Let me know if you’re interested in painting with me in Maine in 2014 or Rochester at any time. Click here for more information on my Maine workshops!

Sometimes metaphor is an uphill battle

Winter lambing, underpainting, by little ol’ me.
If you were properly brought up on James Herriot, you know that a late winter blizzard can play havoc with lambing. This is not just an historical oddity; last spring a mid-April blizzard in Northern Ireland killed 17,000 lambs and sheep. Cold is not their only enemy. Weak and stranded sheep are at the mercy of predators. 
I’m apparently in the minority in being a fan of snow, but it’s a great thermal insulator, it supplies us with all the fresh water we need, and it sweeps the world clean. I think it makes a perfect metaphor for grace. As for the lamb, I assume that needs no explanation.
The Scapegoat by William Holman Hunt, second version, 1854–6.
William Holman Hunt made a similar assumption with The Scapegoat. The painting was deeply meaningful to the artist, who painted two versions following a crisis of faith. The painting identifies the scapegoat of Leviticus 16:22 as a prototype for the Messiah as “suffering servant” as described in Isaiah 53:4.
The Scapegoat by William Holman Hunt, first version, 1854–5.

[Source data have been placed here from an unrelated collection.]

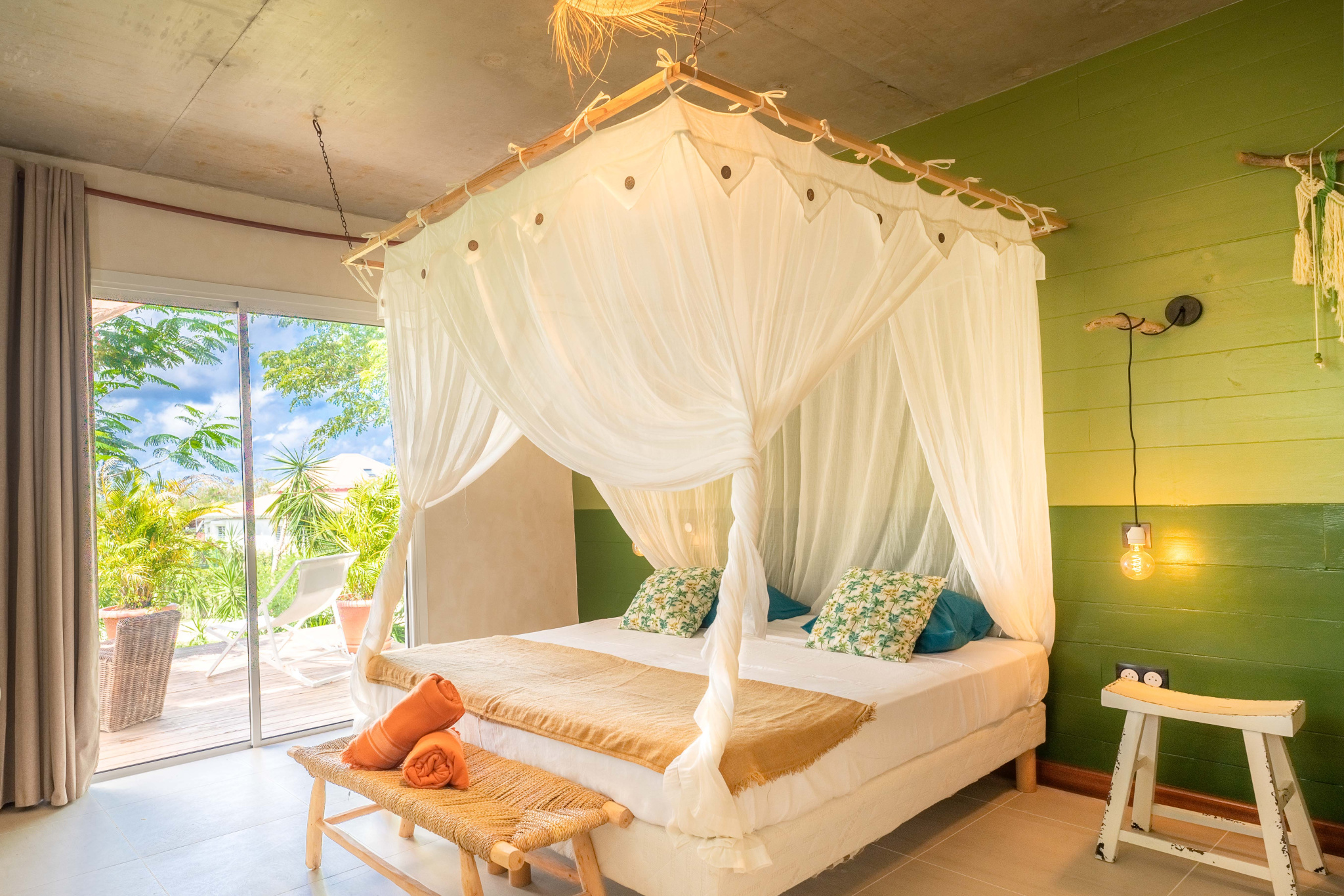 Trois chambres climatisées avec chacune sa salle d'eau privée, c'est trois espaces de vie où chacun peut vivre à son rythme. Elles sont toutes accessibles de l'extérieur.
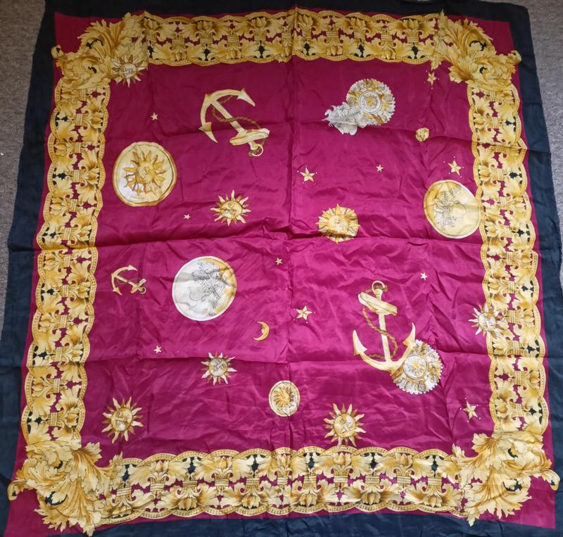 Потрясающий Шелковый платок под Джанни Версаче (возможно оригинал) надписи нет В роскошном цвете из черного, красно- бордового и золотого, изготовлен из декадентского шелка. Любой сезон, любые случаи и любые поколения ... Также может стать отличной идеей подарка. Отличное состояние ,мелкие незначительный повреждения , визуально при носке не видно Шелк 100% размер 88х85см.
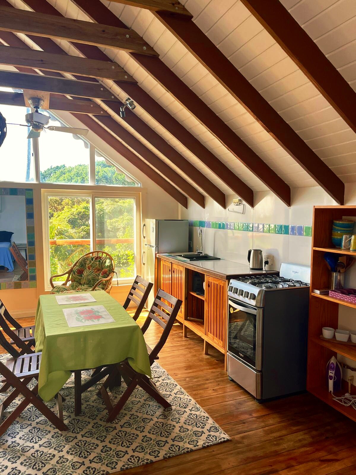 Perched high on the hillside and surrounded by fruit and spice trees, this light and breezy loft invites you to slow down and reconnect. Natural light, cooling breezes, and sweeping views of green hills and the distant ocean create a serene, intimate escape. The loft features a soothing rain shower, a fully equipped kitchen, and thoughtfully designed comforts that blend simplicity with quiet luxury. Perfect for couples seeking peace, romance, and a retreat in harmony with nature.

After struggling for two years to make something of it, Hunt showed the painting to the Belgian art dealer Gambart:
“What do you call that?”
The Scapegoat.” 
“Yes, but what is it doing?”
“You will understand by the title, Le bouc expiatoire.”
“But why expiatoire?” he asked.
“Well, there is a book called the Bible, which gives an account of the animal. You will remember.”
“No,” he replied, “I never heard of it.”
“Ah, I forgot, the book is not known in France, but English people read it more or less,” I said, “and they would all understand the story of the beast being driven into the wilderness.”
“You are mistaken. No one would know anything about it, and if I bought the picture it would be left on my hands. Now, we will see,” replied the dealer. “My wife is an English lady, there is a friend of hers, an English girl, in the carriage with her, we will ask them up, you shall tell them the title; we will see. Do not say more.”
The ladies were conducted into the room. “Oh how pretty! What is it?” they asked.
“It is The Scapegoat,” I said.
There was a pause. “Oh yes,” they commented to one another, “it is a peculiar goat, you can see by the ears; they droop so.”
The dealer then, nodding with a smile towards me, said to them, “It is in the wilderness.”
The ladies: “Is that the wilderness now? Are you intending to introduce any others of the flock?”
Sometimes metaphor is an uphill battle.